§ TO DO
Look below. Copy each line that has "ההוגן" in it.

§ DATA FOR PROCESSING

__________________________________________________

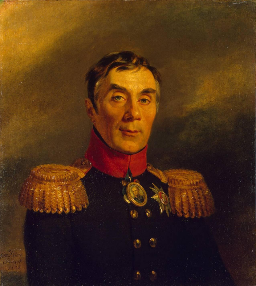
Алексей Андреевич Аракчеев.

Всей России притеснитель , Губернаторов мучитель И Совета он учитель, А царю он – друг и брат . Полон злобы , полон лести, Без ума , без чувств, без чести, Кто ж он ? Предан бел лести , .....грошовый солдат.
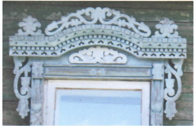
Рис.31. Образец растительного орнамента.

1. Восьми и шести лучевые вертушки наиболее часто украшают столбы наличника. Наиболее традиционны для всех поселений растительные орнаменты, в которых отображается колокольчик, S-образные завитки и стилизованные стебли (рис.31.). Наиболее интересны орнаменты в виде повторяющегося, чередующегося круга, в котором изображен двухлистный росток. Линейный орнамент наиболее часто украшается листом березы с сережками (наиболее широко распространен в нашем крае) листьями дуба, клена, рябины, липы, осины, а также листья земляники. Изображение листьев этих деревьев не случайно, так как эти породы древесины использовались для изготовления домашней утвари и использовались в повседневной жизни (кора липы в лаптеплетении, березовые ветки в бане, рябина в лечебных целях и т.д.). На нескольких арках обнаружены орнаменты, где симметрично вплетена елочка с раскидистыми ветвями, символизирующая мировое дерево.
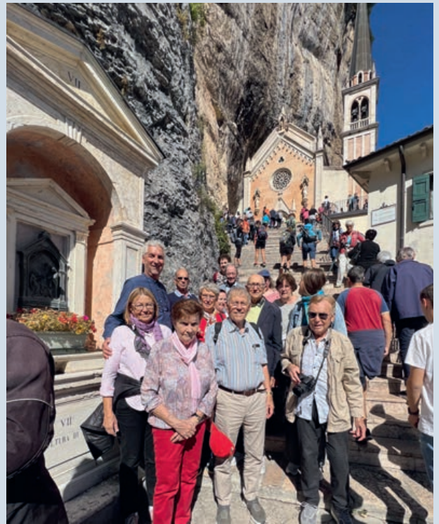
Links oben und oben: Die in den Fels des Monte Baldo Massivs hineingebaute Kirche hoch über dem Etschtal in 774 m.ü.M.
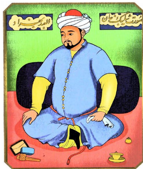
Muhammad Shayboniy portreti. Musavvir Kamoliddin Behzod (nusxasi)

VI. Uyga vazifani e‘lon qilish: yangi mavzuni to‘liq takrorlash va yangi mavzu yuzasidan bilimlarini mustahkamlab kelish.
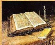
XIV-XVII вв. язык великорусской народности
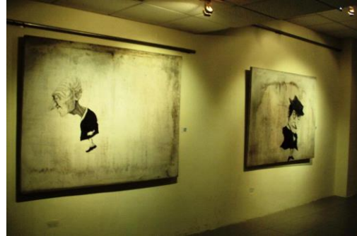
* Obras del artista en el MAAC, Guayaquil, actualmente Centro Cultural Libertador Simón Bolívar.

2014, Exposición colectiva "La puerta enrollable" , en la Galería Dpm ; Guayaquil.
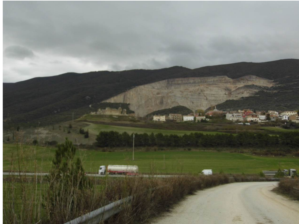
Fotografía 89. Canteras situadas por detrás de la localidad de Tiebas. Sierra de Alaiz.
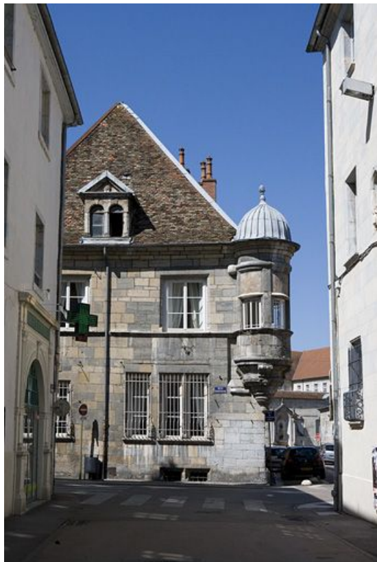
Vue d'une partie du logis principal, de face, depuis la rue d'Anvers.

25, Besançon, 12 rue Pasteur, lieudit : îlot d' Anvers
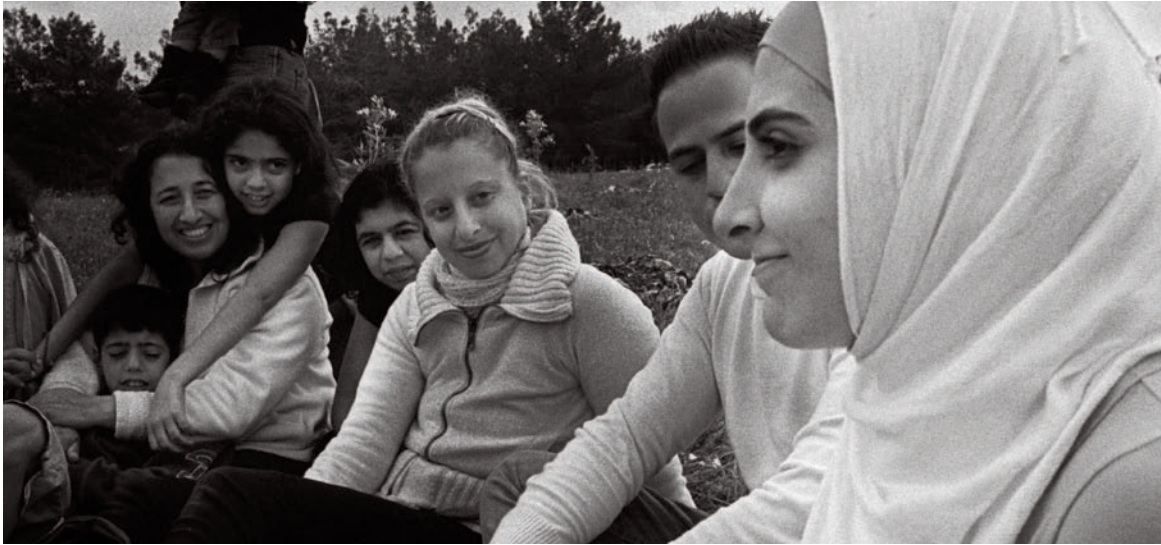
אירוע חניכת מטע זיתים אורגני של ארגון "סינדיקת הגליל" בוואדי ערה, שתוכנן לפעול על פי עקרונות הסחר ההוגן עוד לפני נשעתו |

בישראל וברשות הפלסטינית פועל הסחר ההוגן באמצעות ארגונים חברתיים וקואופרטיבים חקלאיים, הנסמכים בעיקר על סחר חוץ במוצריהם אך גם על מסחר ישראלי-פלסטיני בשמן הזית. נכון לשנת 2010 היו בגדה המערבית כ-2,500 מגדלים פלסטינים שייצרו שמן זית במערכת הסחר ההוגן, ואילו בגליל ובוואדי ערה היו רק מגדלים ערבים מעטים.

__________________________________________________

§ RESPONSE TO THIS TASK
אירוע חניכת מטע זיתים אורגני של ארגון "סינדיקת הגליל" בוואדי ערה, שתוכנן לפעול על פי עקרונות הסחר ההוגן עוד לפני נשעתו |
בישראל וברשות הפלסטינית פועל הסחר ההוגן באמצעות ארגונים חברתיים וקואופרטיבים חקלאיים, הנסמכים בעיקר על סחר חוץ במוצריהם אך גם על מסחר ישראלי-פלסטיני בשמן הזית. נכון לשנת 2010 היו בגדה המערבית כ-2,500 מגדלים פלסטינים שייצרו שמן זית במערכת הסחר ההוגן, ואילו בגליל ובוואדי ערה היו רק מגדלים ערבים מעטים.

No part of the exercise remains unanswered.